As discussed many times, we can measure the BS of a stick (like a 36” stick), and do an inverse square calculation to know what the BS will be increased to at a given bracing interval. One could do a bunch of inverse square calculations, looking at a range of stick buckling strengths, and bracing intervals, to see what bracing interval would be needed, for what stick buckling strength, to get a leg strength that would work- as in carry the force the leg will see when the tower is loaded. A spreadsheet with a range of braced intervals, and a range of measured stick BSs, calculating the braced BS for a given bracing interval, and given stick BS is the best tool for doing this. With it, you can solve the strength problem- to know what strength wood you would need, to have various bracing intervals “work.”

On to the density problem; with a way to know what strength leg wood you will need to use each of a range of bracing intervals, we now need a way to figure out what weight/density of wood it will take to have, to get, a given BS. If one had data on a whole bunch of balsa sticks – for each stick, the stick weight, and the measured BS, and you put that into a graph plotting stick weight vs BS…..what could one do? You could look in your inverse square table and, for each of the bracing intervals you’re evaluating, see what stick BS you need, and look at the graph of stick weight vs BS and see the stick weight you would need to have the BS you need. This sort of process, and development and use of tools is at the heart of ‘”engineering,” and “the design process.”

These two basic tools you will give you what need to evaluate the tradeoff we started this discussion with. With stick weight, you’ll be able to calculate the leg weight (that would work) for each bracing interval. And, you can easily figure out the length of the bracing pieces needed for each bracing interval (by just measuring them off a scale drawing)- then you’ll know how many total cm of bracing wood needed for each bracing interval being evaluated.

Then, with bracing wood length, you can calculate bracing wood weight (by using a density value and cross sectional size for the bracing). Actually, you’d want to use two or three values; a light, medium, and high, and calculate the grams per cm of bracing wood for each of the three scenarios. Gr/cm times total bracing length (for each of the bracing interval scenarios) gives you weight of bracing wood. If you’re using an “all Xs” bracing approach, with 1/32” x 1/16” (‘the hot setup’ from last year. And no reason to believe it won’t be this year), light would be about 6gr 1/32” x 3” x 36” sheet, medium about 7.5gr sheet, and heavy about 9gr). Last factor is glue weight; you need a little bit of glue at each end of each bracing piece. A workable number for the evaluation we’re trying to do is 0.03gr/joint.

So, what are you going to have to do to get the two basic tools I described?.

Go back to page 6 of this thread. See the links in my long my post on Oct 20, near the top of page 6. Read the post, click on the links, study, and enjoy.

The inverse square table is set up for all Xs using 1/32 x 1/16 Xs. If you want to look at ladders and Xs, you need to change the effective length factor in cell N8 to 2.3 (and add lines to look at wider bracing intervals). The post discusses what the effective length factor is all about.

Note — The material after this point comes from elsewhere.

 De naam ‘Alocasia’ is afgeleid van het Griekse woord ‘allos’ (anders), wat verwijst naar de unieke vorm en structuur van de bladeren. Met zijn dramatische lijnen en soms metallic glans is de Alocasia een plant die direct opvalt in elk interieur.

Thank you for the detailed response! I read through the other post and understand what to do.

[Balsa Man]

Thank you for the detailed response! I read through the other post and understand what to do.

Excellent; you're on your way! Glad this was helpful, and hope you can do well in this event. Go for it!

[Random Human]

Just a note to everyone. If you have a question, go to the 2017 thread. The threads are practically a field guide towards the victory. I guarantee that 95% of the questions you have, will be answered in the 2017 thread.

[AAH2020]

Do any of you have ideas for a jig for this year's design? The biggest problem I'm stumped at is designing a jig that allows accurate attachement of the diagonal cross pieces that connect the base to the main tower. I'm just very stumped on how to cut blocks of wood that allow us to place our main tower section on one piece and connect it with precision to our 30cm base square.

[Balsa Man]

Do any of you have ideas for a jig for this year's design? The biggest problem I'm stumped at is designing a jig that allows accurate attachement of the diagonal cross pieces that connect the base to the main tower. I'm just very stumped on how to cut blocks of wood that allow us to place our main tower section on one piece and connect it with precision to our 30cm base square.

Not trying to be rude, but if you had read what is already here, in this thread, you would find exactly what you're asking about, discussed in some detail (in this thread, and the new thread you created to ask the same question), and you would know that for a base meeting the 29cm circle bonus- 4-leg, square base tower, you're looking at just a bit over 21cm square, not a 30 cm square. Draw a 29cm circle. draw a square that has its corners just outside the circle. Measure the sides of that square.
Respectfully,

[AAH2020]

That's not what I meant at all. With all due respect, I already knew the exact specifications and such. However, we are wanting to use a more unique design that uses just one main beam for each corner, as opposed to 3-4 side pieces combined together for maximum weight conservation. I was wondering if anyone has made a regular wood jig that allows an accurate glueing for the base and thin sections for an accurate angle joint. I
I will try to post a picture of our goal design in a couple of days, noting where we're having trouble with.
Regardless, thank you for noting my question and responding.

[Random Human]

That's not what I meant at all. With all due respect, I already knew the exact specifications and such. However, we are wanting to use a more unique design that uses just one main beam for each corner, as opposed to 3-4 side pieces combined together for maximum weight conservation. I was wondering if anyone has made a regular wood jig that allows an accurate glueing for the base and thin sections for an accurate angle joint. I
I will try to post a picture of our goal design in a couple of days, noting where we're having trouble with.
Regardless, thank you for noting my question and responding.

I'm not really sure of the motives for saving weight on the jig?? I'm kind of confused by your question...

[BananaPirate]

Then, with bracing wood length, you can calculate bracing wood weight (by using a density value and cross sectional size for the bracing). Actually, you’d want to use two or three values; a light, medium, and high, and calculate the grams per cm of bracing wood for each of the three scenarios. Gr/cm times total bracing length (for each of the bracing interval scenarios) gives you weight of bracing wood. If you’re using an “all Xs” bracing approach, with 1/32” x 1/16” (‘the hot setup’ from last year. And no reason to believe it won’t be this year), light would be about 6gr 1/32” x 3” x 36” sheet, medium about 7.5gr sheet, and heavy about 9gr). Last factor is glue weight; you need a little bit of glue at each end of each bracing piece. A workable number for the evaluation we’re trying to do is 0.03gr/joint.

Hi Balsa Man,
Here you mentioned that we would want to consider 2-3 types of sheets (difference in weight) for the X bracing, which makes sense. However, I'm confused on how the mass distinctions you made (6, 7.5, 9g) are actually used to make a decision without actually testing all 3 types, possibly more for sheets in between these 3, as I do not see a way to mathematically figure out if each density bracing will be able to hold the compression and tension forces. I assume that I'm missing a key assumption? Thanks for the help!